# PROBLEM DETAILS
First find the line with "They are known", then reproduce it and all following lines of the data to the end, exactly and with no pictures, adding nothing.

# DATA SEGMENT
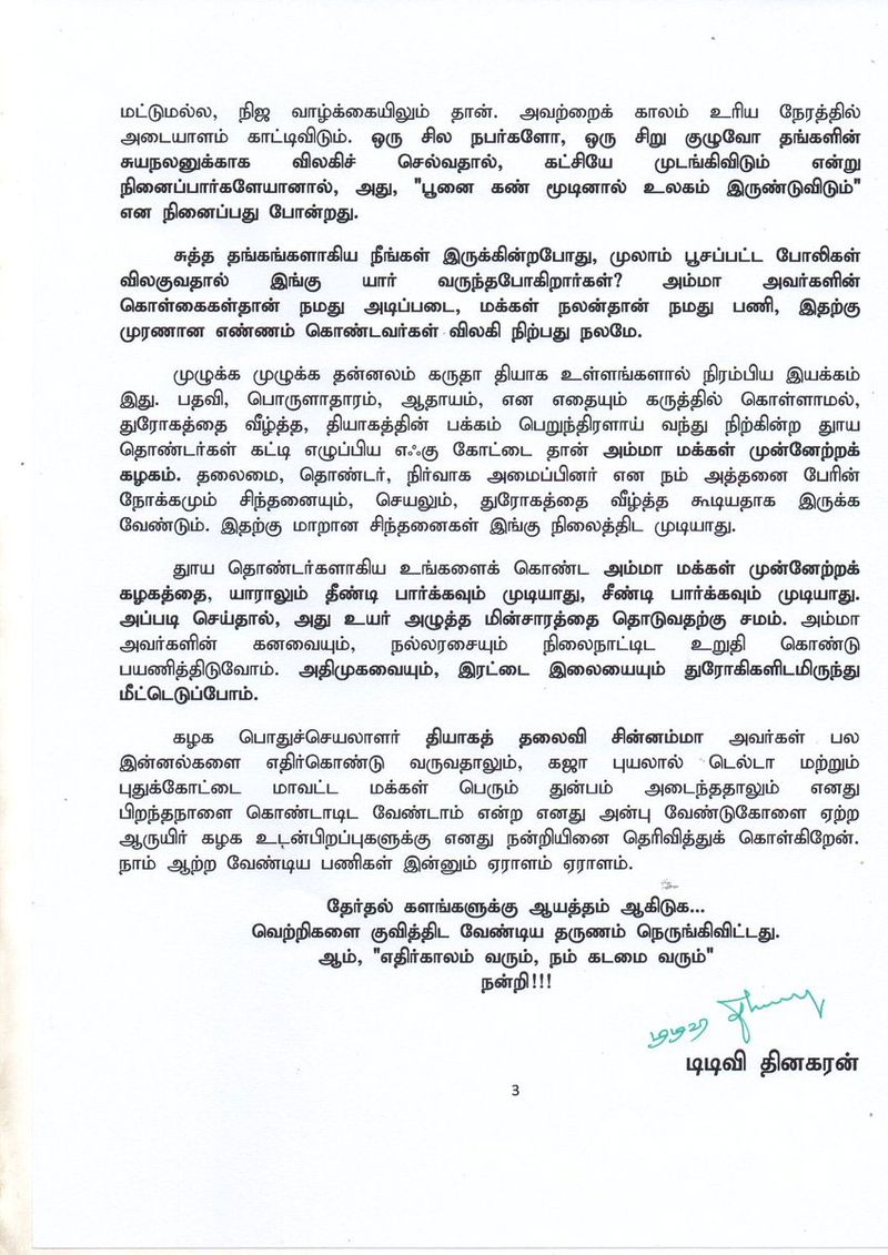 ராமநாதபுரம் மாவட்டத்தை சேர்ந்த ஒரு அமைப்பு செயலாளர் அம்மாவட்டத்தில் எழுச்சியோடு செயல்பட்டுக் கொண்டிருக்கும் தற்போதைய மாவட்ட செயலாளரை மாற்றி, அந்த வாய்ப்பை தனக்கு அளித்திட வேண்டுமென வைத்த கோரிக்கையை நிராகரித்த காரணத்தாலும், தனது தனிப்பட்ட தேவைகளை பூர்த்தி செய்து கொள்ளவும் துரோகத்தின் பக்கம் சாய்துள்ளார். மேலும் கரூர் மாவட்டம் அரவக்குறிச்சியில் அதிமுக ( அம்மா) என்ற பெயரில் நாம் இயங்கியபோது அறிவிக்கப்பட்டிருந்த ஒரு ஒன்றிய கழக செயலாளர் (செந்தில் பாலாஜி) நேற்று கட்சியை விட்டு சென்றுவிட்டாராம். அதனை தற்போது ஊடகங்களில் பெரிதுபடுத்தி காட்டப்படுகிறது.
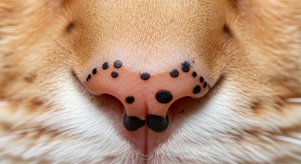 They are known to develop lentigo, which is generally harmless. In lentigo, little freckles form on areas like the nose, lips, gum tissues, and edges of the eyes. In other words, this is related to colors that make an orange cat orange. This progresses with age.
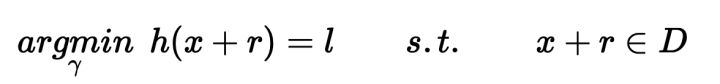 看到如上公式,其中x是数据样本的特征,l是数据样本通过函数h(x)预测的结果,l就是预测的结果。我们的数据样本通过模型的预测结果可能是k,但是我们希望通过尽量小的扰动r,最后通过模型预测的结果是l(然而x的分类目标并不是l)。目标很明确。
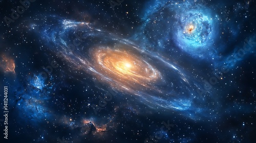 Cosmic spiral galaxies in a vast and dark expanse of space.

# EXERCISE SOLUTION
 They are known to develop lentigo, which is generally harmless. In lentigo, little freckles form on areas like the nose, lips, gum tissues, and edges of the eyes. In other words, this is related to colors that make an orange cat orange. This progresses with age.
 看到如上公式,其中x是数据样本的特征,l是数据样本通过函数h(x)预测的结果,l就是预测的结果。我们的数据样本通过模型的预测结果可能是k,但是我们希望通过尽量小的扰动r,最后通过模型预测的结果是l(然而x的分类目标并不是l)。目标很明确。
 Cosmic spiral galaxies in a vast and dark expanse of space.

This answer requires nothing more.